Psicológicamente, empezar de cero un nuevo calendario cambia nuestra forma de ver las cosas: nos hace analizar el año pasado y resaltar qué es lo que quisiéramos hacer distinto o qué quisiéramos reforzar de ahí en adelante. Nos hace sentir bien tener una nueva oportunidad y nos ayuda a reflexionar acerca de quiénes y cómo quisiéramos ser. Sin embargo, a pesar de la motivación que el nuevo año nos da para plantearnos resoluciones y cosas que queremos hacer, la realidad es que al poco tiempo volvemos a nuestros hábitos regulares y dejamos las resoluciones de lado.

De hecho, el 80% de las personas que se proponen resoluciones de año nuevo, las dejan cerca de la segunda semana de febrero.
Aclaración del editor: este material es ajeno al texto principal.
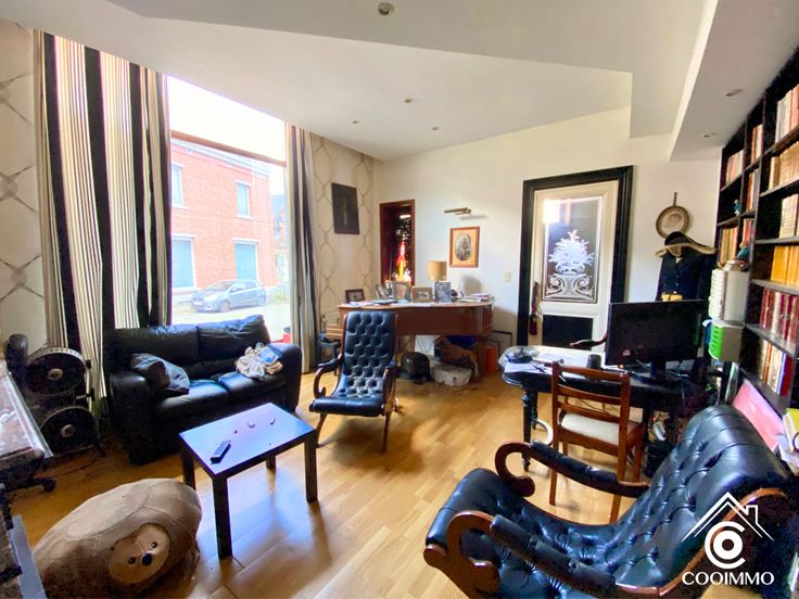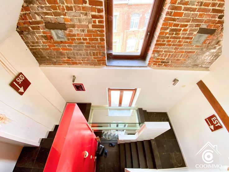 RDC: Une entrée indépendante, un vaste séjour de +- 30m2, un bureau de +- 25m2, une chambre avec WC et SDB, un hall vers l’extérieur, une cuisine avec accès vers l’extérieur. Une seconde entrée indépendante avec un hall donnant sur la cage d’escal.
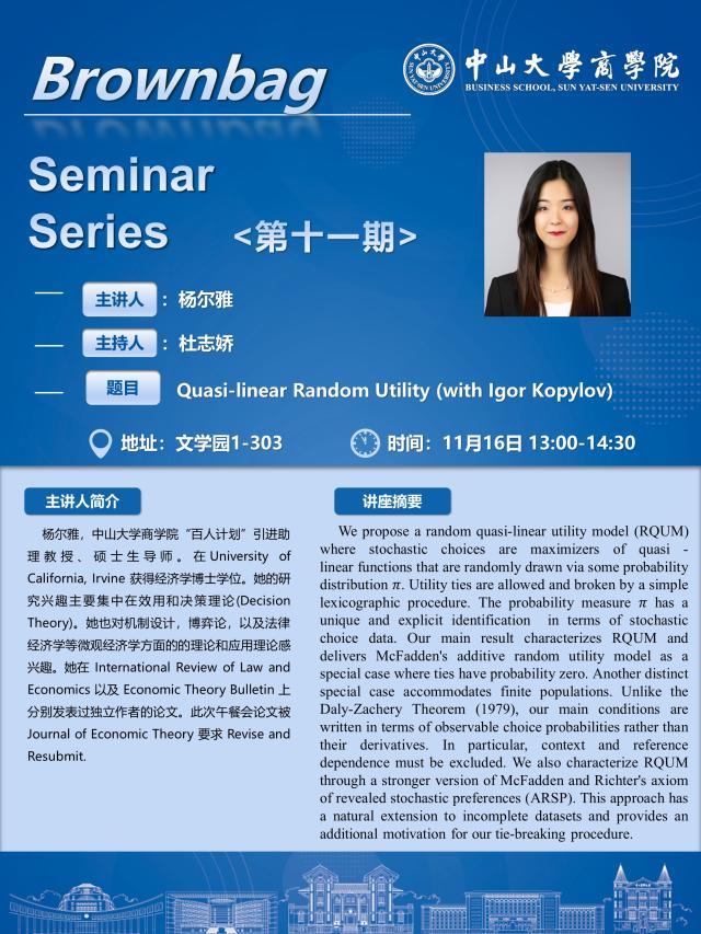 商学院第十一期学术交流午餐会预告
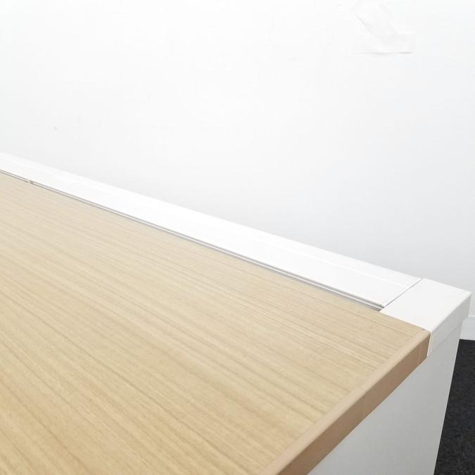 - シャープであらゆるオフィスに調和するシンプルなデザイン。天板は、ホワイト色と木目2色から選べます。
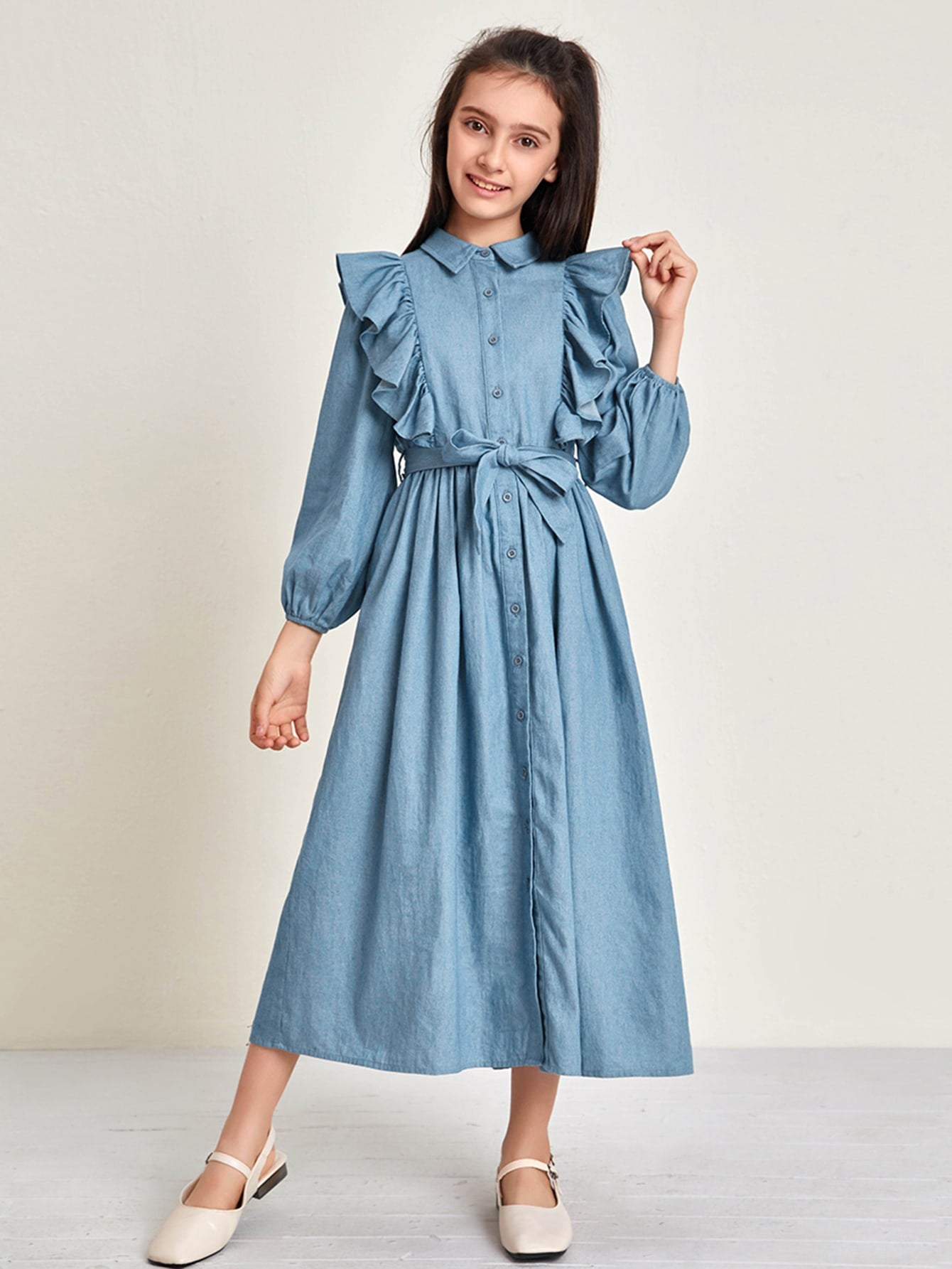 Girls Collared Buttoned Front Self Belted Ruffle Trim Dress

De mi grupo de amigos y personas cercanas, aproximadamente el 70% plantea resoluciones todos los años, incluyéndome. De estos, la mayoría comenta haber cumplido solo una de sus resoluciones de manera parcial.

Esto es muy común y tiene distintas causas. Querer crear nuevos hábitos y dejar otros atrás no es suficiente: para lograrlo se necesita de mucha fuerza de voluntad, organización y responsabilidad. Muchas veces, las resoluciones u objetivos que nos planteamos no los hemos pensado suficiente y los proponemos de manera más impulsiva; esto hace que sea más complicado mantenerlos en el tiempo. Otro motivo por el cual no logramos cumplir nuestras metas de año nuevo es que las planteamos de maneras muy complejas, lo que hace que perdamos interés y motivación por cumplirlas rápidamente.

Entonces, si es tan fácil perder la motivación por cumplir las resoluciones de año nuevo, ¿por qué seguimos planteándolas con tanto entusiasmo año a año? Para muchos es un tema de tradición; para otros, es la idea e inspiración de tener una oportunidad de volver a empezar. La mayoría de las personas tenemos una gran inclinación a mejorar constantemente, a pesar de que es fácil rendirnos a mitad de camino. Sin importar el motivo por el cual nos proponemos metas y objetivos para el nuevo año, pienso que es algo que debemos hacer por distintas razones. Por ejemplo:

- Nos propone un reto personal: es normal que nos acomodemos a nuestra vida y la zona de confort, y proponernos metas nos ayuda a explorar nuestro propio potencial y a crecer como personas.

- Nos ayuda a evaluar nuestra vida, qué quisiéramos dejar de lado y qué quisiéramos mejorar: hacernos preguntas como ¿he sido la persona que quiero ser? ¿estoy haciendo las cosas como quiero hacerlas? ¿tengo algún sueño o meta que aún no he empezado a cumplir? Nos ayuda a saber hacia dónde queremos ir.

- Nos hace enfocar nuestra energía y pensamientos en ser mejores: así no logremos cumplir todas nuestras metas de año nuevo, tomarnos el tiempo de plantearlas nos ayuda a enfocarnos en ser mejores.

- Proponernos resoluciones nos acerca al cumplimiento de metas y objetivos más grandes.

No importa cuál sea la motivación detrás del planteamiento de resoluciones, ni cuáles son nuestras metas para el nuevo año, proponérnoslas nos hace creer en nosotros mismos y en nuestra capacidad de ser mejores. Por eso, debemos tener en cuenta que para cumplirlas es importante que las planteemos con intención, nos aseguremos de que sean cosas que realmente queremos lograr y que tengan motivos significativos, que no sean restrictivas y, finalmente, que sean cosas que podemos comentar con otros. Eso nos motivará a cumplirlas.